A minha (outra) pessoa

Não acredito que haja melhor. Não procuro, nem procurarei… Encontrei-o sem o procurar. Sonhava-o apenas. Em devaneios longínquos oprimia o desejo, não o procurava mas sonhava. Encontrei-o. Hoje é o sustentáculo da minha existência.

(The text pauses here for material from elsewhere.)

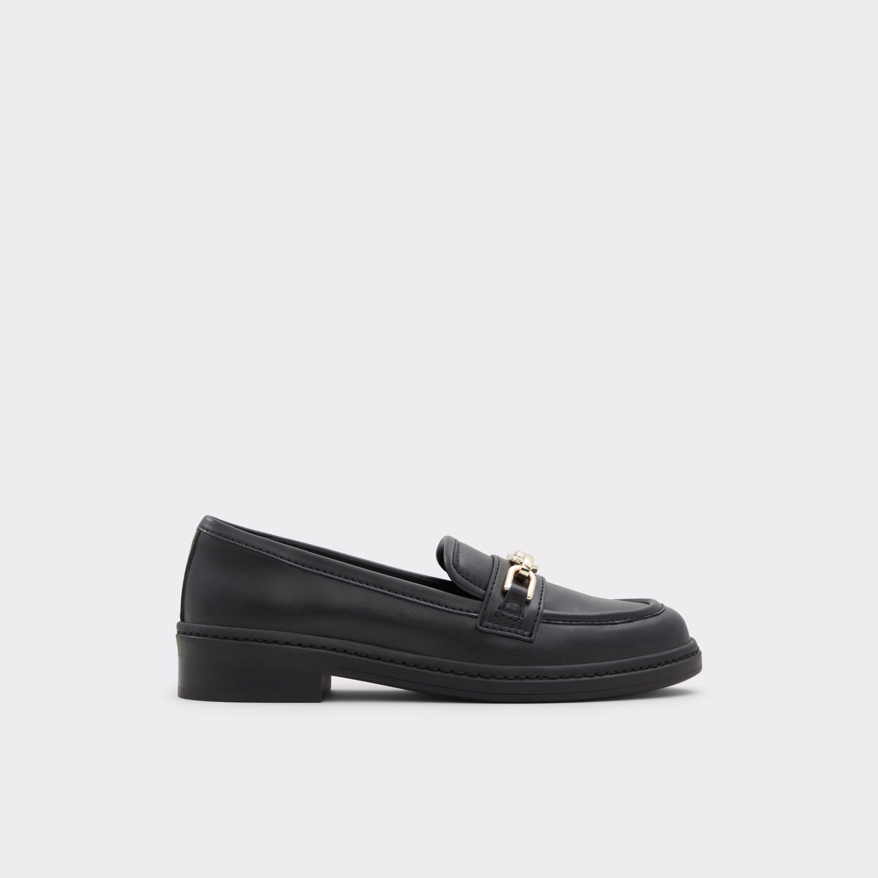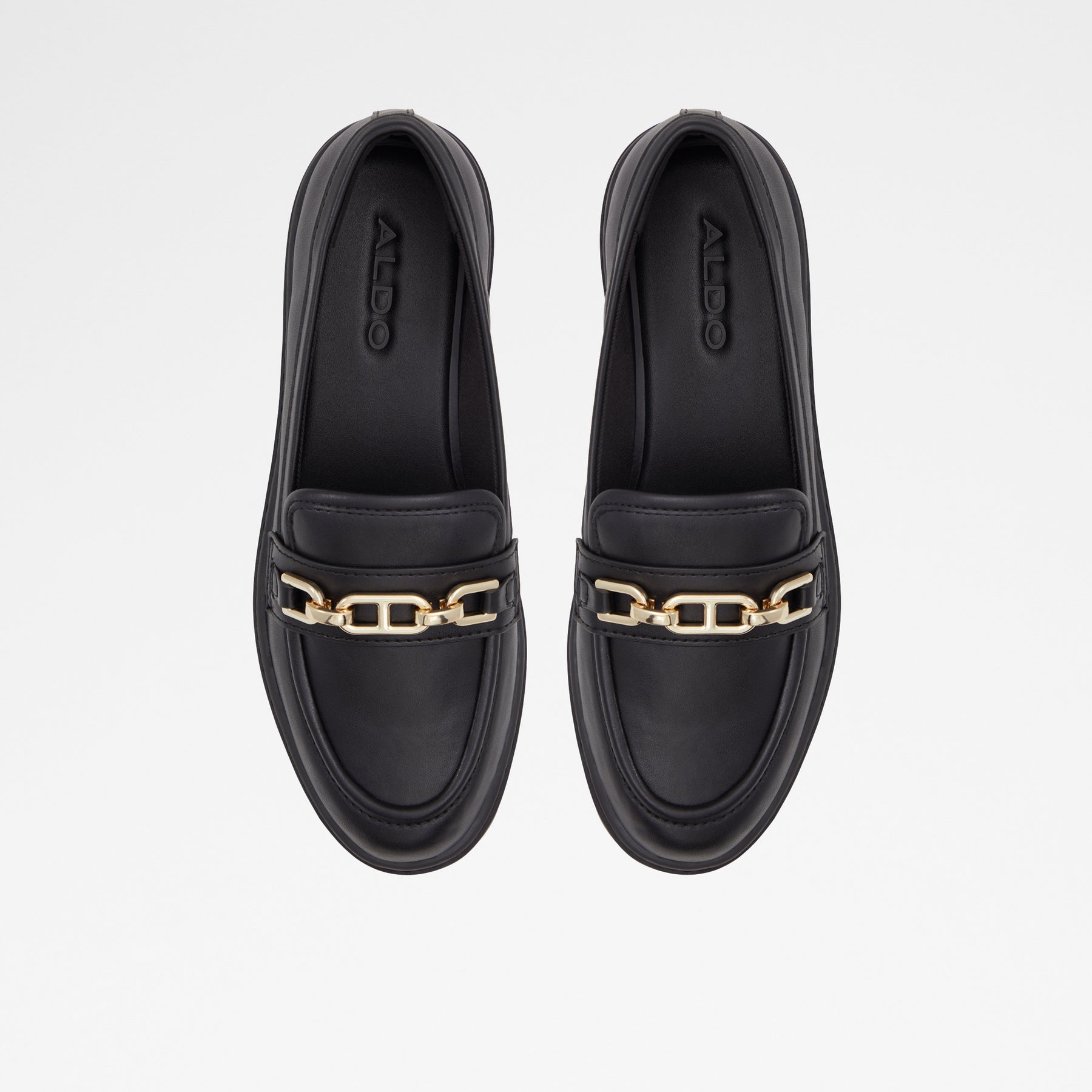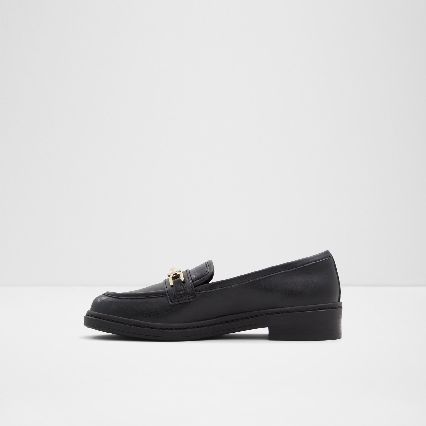 Sapatos rasos TEATRO para mulher, em preto, com biqueira amendoada e um aplique metálico.

Falo dele, e falarei, com um orgulho dissemelhante. Falo da sua grandeza e da sua colossalidade como homem e como amante. Não me canso, nem cansarei, enquanto o mais seguro abrigo for a união dos nossos braços. Gosto dele e questiono-me se existirá maior medida de amor do que esta.Sinto uma aragem com o seu perfume, onde quer que vá. Fixa-se na minha pele e não desaparece. Não há asseio que retire a sua essência do meu corpo e corro para ele para renovar cada dose. É aquele cheiro natural combinado com qualquer perfume que me oferece a sensação de chegada de casa, de conforto permanente. Gosto dos braços incansáveis pelos abraços que me oferece, por me mostrar que existe força suficiente para me segurar e me deixar habitar e, porque me cinge com crença, a cada abraço presenteia-me com um beijo terno, apinhado de respeito e de volúpia. Exímio companheiro, parceiro indiscutível a cada troféu na vida, erógeno habilíssimo: proporciona-me uma conexão sem antecedentes, um vínculo incessante, uma firmeza inabalável. Cabe-lhe coabitar comigo no protagonismo deste enredo. Expoente máximo da excelência, ele é o resto da minha vida.


7 de novembro de 2010

Domingos cheiram aos nossos momentos vespertinos. Pernas entrelaçadas, uma manta no combate ao frio e amor cálido, nosso. Beijos doces e dentadas gulosas. Palavras sussurradas e sorrisos a pontua-las. Meiguice suave e também conversas inteligentes.
Sobreviveríamos nesta nossa cabana se ninguém nos procurasse e nos esquecessem para sempre. Somente nós seríamos a nossa própria multidão.

1 de setembro de 2010

Conversas pequenas, beijos entre palavras. Palavras entre beijos. Beijos sem palavras.